In their polemic, Organisational Misbehavior (1999), CitationStephen Ackroyd and Paul Thompson examine a category of activities they define as ‘anything you do at work you are not supposed to do’. According to their analysis, misbehaviours such as ‘messing around’ and practical joking involve a more or less explicit form of resistance to and undermining of prevailing structures. Most social systems can tolerate a degree of ‘off-message’ activity and can sanction office celebrations, festive parties, dress-down Fridays, hotel spa away-days, paint-ball team-building, and so on. Resistance to and the undermining of structures, however, signals something far stronger. In Kanhadilok and Watts (2013) we posit two ‘zones’: a ‘play zone’ that encompasses all of those physical, and virtual, spaces where play, low-conforming or non-conforming activity can commonly take place, including sporting arenas, parkland, woodlands, youth centres, arcades, playgrounds, theme parks, bedrooms, social networking, game-worlds etcetera. A ‘no-play zone’ entails those spaces where unruly non-conformity is deemed a distraction, inappropriate, uninvited, curtailed: a three-lane motorway, a church, unlit streets, a busy construction site, the company board-room, some lecture theatres, classrooms, a funeral, and so on.

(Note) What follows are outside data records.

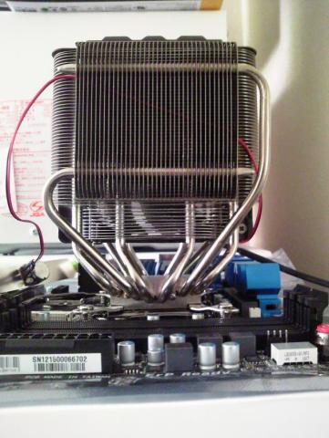 GA-Z77X-UD5Hに乗せたところ。ヒートパイプがCPU付近ですぐに曲がっているので、マザーボードのヒートシンクには意外と干渉しなかったりします。
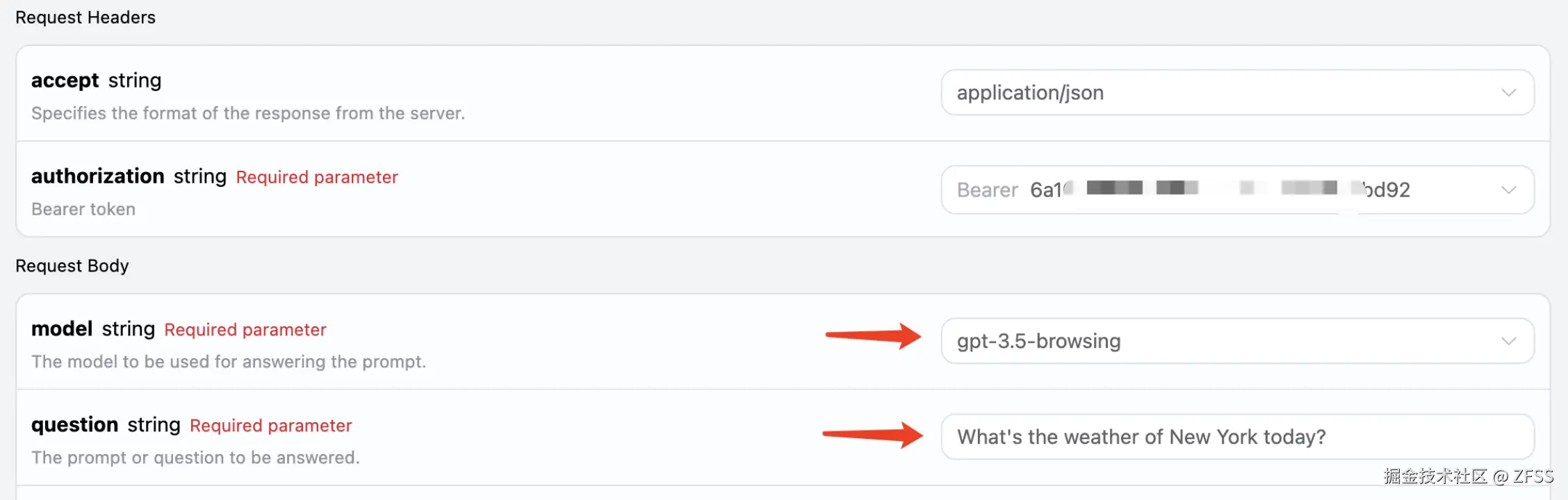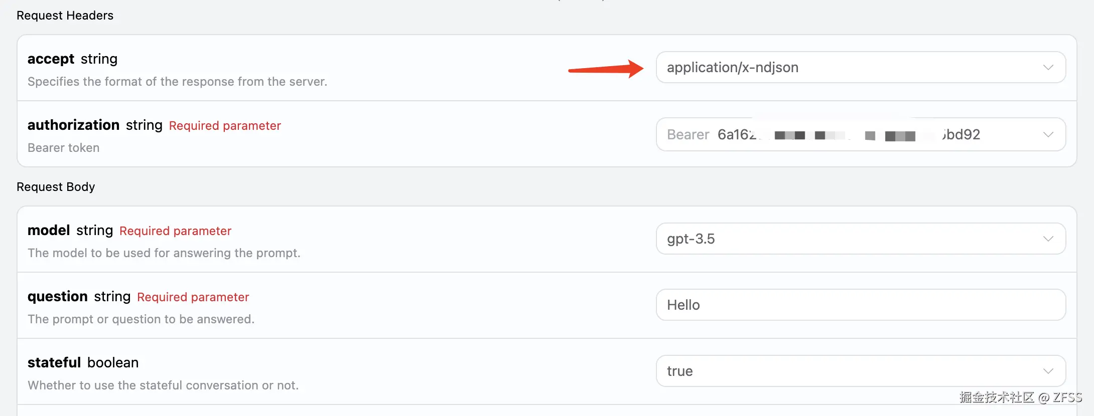 accept:想要接收怎样格式的响应结果,这里填写为application/json,即 JSON 格式。authorization:调用 API 的密钥,申请之后可以直接下拉选择。
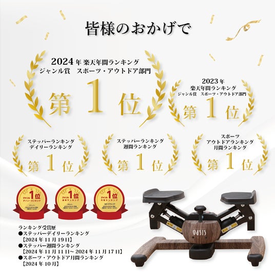 総合フィットネスクラブやアプリ、フィットネス商品で健康をサポートする株式会社スポーツオアシス(本社:東京都墨田区、代表取締役社長:吉田 智宣、以下「オアシス」)の「ツイストエアロステッパー」が、「楽天年間ランキング2024」のスポーツ・アウトドアジャンルにて第1位を2年連続受賞いたしました。
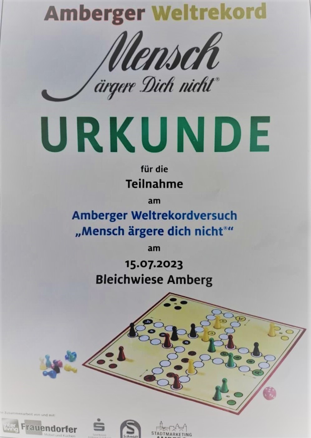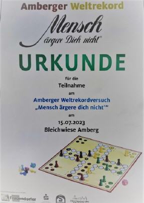 Nach erfolgreicher Registrierung, Platzsuche und Spiel, wurde der Weltrekord offiziell bestätigt und ist nun wieder in der Heimatstadt des Erfinders Josef Friedrich Schmidt in Amberg Zuhause. Zwischenzeitlich war der 2017 aufgestellte Weltrekord der Amberger mit 2009 spielenden Menschen in die Stadt Weida nach Thüringen gegangen.

Our broad interest lies in transgressive behaviours, in spaces both physical and virtual. There are numerous examples where the Internet fosters non-conformity, adolescent rebellion, activities we have labelled the ‘dark side’ of Internet use (Crowe & Watts, Citation2012). While young ‘digital natives’ are instinctive and avid consumers of the Net, they are also constructors and re-shapers of its online content. They create and exploit digital spaces for social interaction, identity expression, media production and consumption – and do so with a proliferation of voices, cultural forms and styles. While much of this is innocuous, broadly courteous and dignified, there exist the negative, risky or inappropriate uses of the Internet such as ‘Internet addiction’, gaming addiction, exposure to sexually explicit material, online victimisation, harassment, cyber-bullying, sexual solicitation, and so on. There has been little exploration of youth involvement in these marginal, resistive, undermining activities.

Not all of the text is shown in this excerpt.